Harold E. Kasinsky
B.A., Columbia College (New York, 1961); Ph.D., University of California (Berkeley, 1967); Post-doctoral Fellow, Department of Embryology, Carnegie Institution (Baltimore, 1967-69)
Why is there such a diversity of sperm nuclear basic proteins in animals, plants, protozoans and algae? In somatic cells, evolutionarily conservative histones combine with DNA to form nucleosomes, fundamental particles of chromatin organization. However, in animal sperm cells, basic proteins that bind to DNA include: type 1 arginine-rich protamines of low molecular weight in salmon; type 2 arginine- and cystine-rich keratinous protamines in man and other mammals; type 3 intermediate basic proteins containing histidine and lysine as well as arginine in molluscs; type 4 somatic-like histones in echinoderms and type 5 sperm lacking basic proteins altogether in crabs.

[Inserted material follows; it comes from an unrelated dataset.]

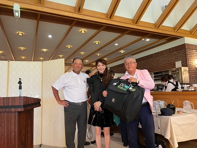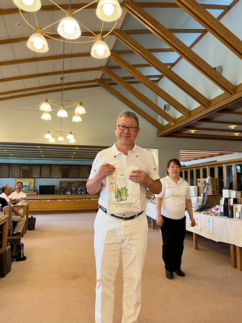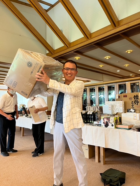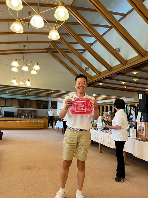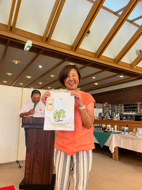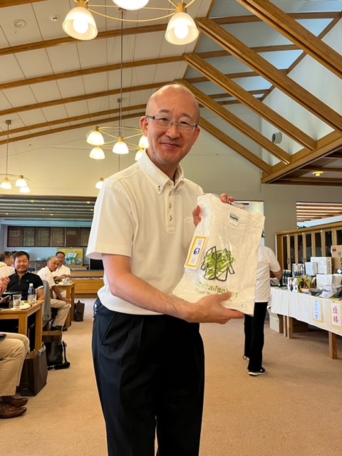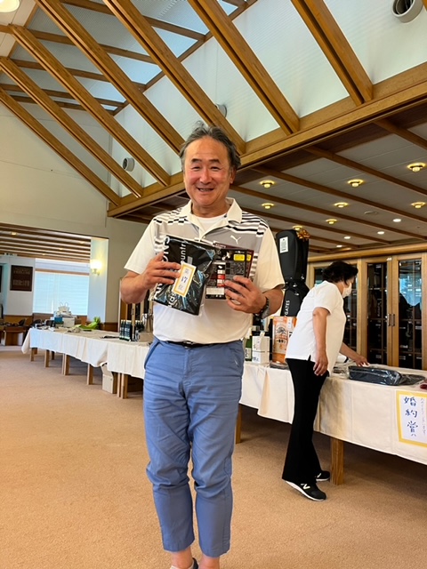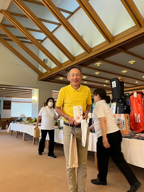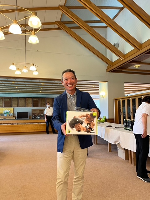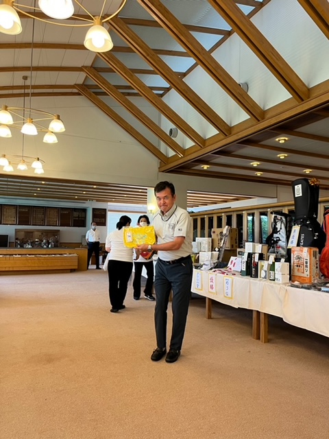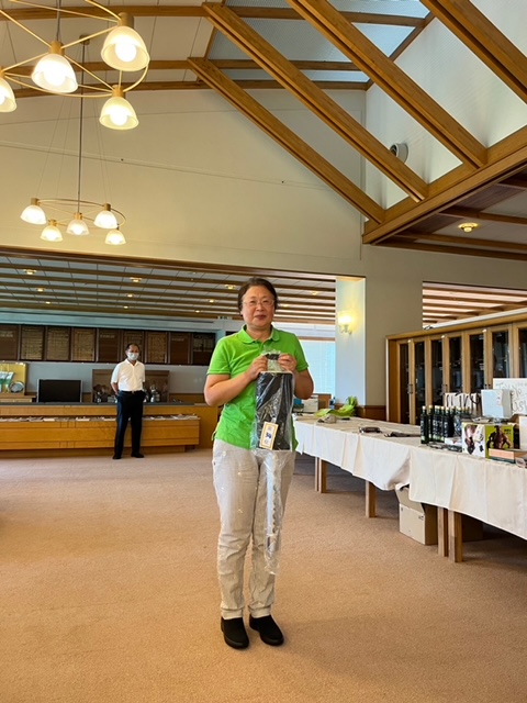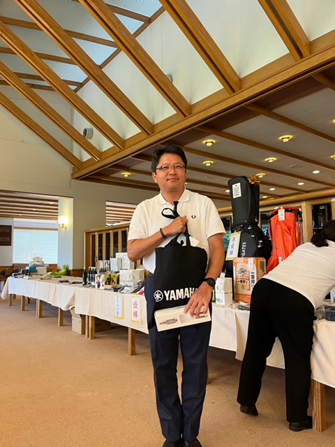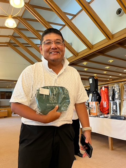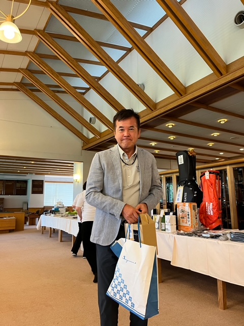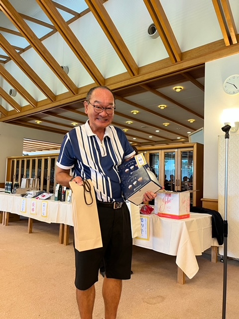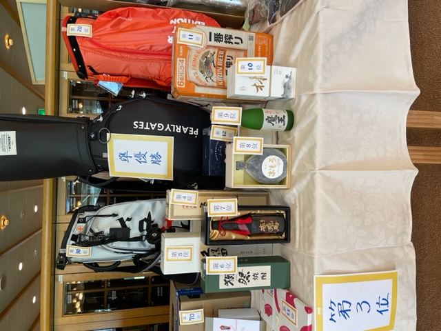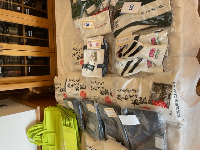 弊社からは、廣野ポーチ・廣野トートバッグ・廣野ドライバーカバー・小樽水筒・日光PGMチャンピオンカップのポロシャツ・マンギラオウッドカバーセット・Lipavltトートバッグ・琉球GCトートバッグ・川奈トートバッグ、TOSHIBAサーキュレーター、那覇GC帽子8個、三好帽子3個、フェニックス帽子2個、米2kg、グリーンジャケットTシャツ

Our investigations, extending over three decades, indicate that there is an evolutionary trend in the vertebrates from variability of sperm nuclear basic proteins in bony fish and frogs with external fertilization, to relative constancy amongst reptiles, birds and mammals where fertilization is internal. In invertebrates, sperm nuclear basic proteins in animals with internal fertilization are usually arginine-rich protamines, whereas the proteins in external fertilizers are either sperm histones, protamine-like proteins or arginine-rich protamines. To probe this question of diversity in greater depth we are focussing on those organisms where related species show differences in their mode of reproduction. In collaboration with research groups in Victoria, B.C., and Barcelona, Spain, we are also comparing sperm nuclear basic proteins in animals with those in plants, algae and protozoans in order to determine the origins of these sperm nuclear basic proteins and their roles in the dynamic remodeling of chromatin during spermiogenesis.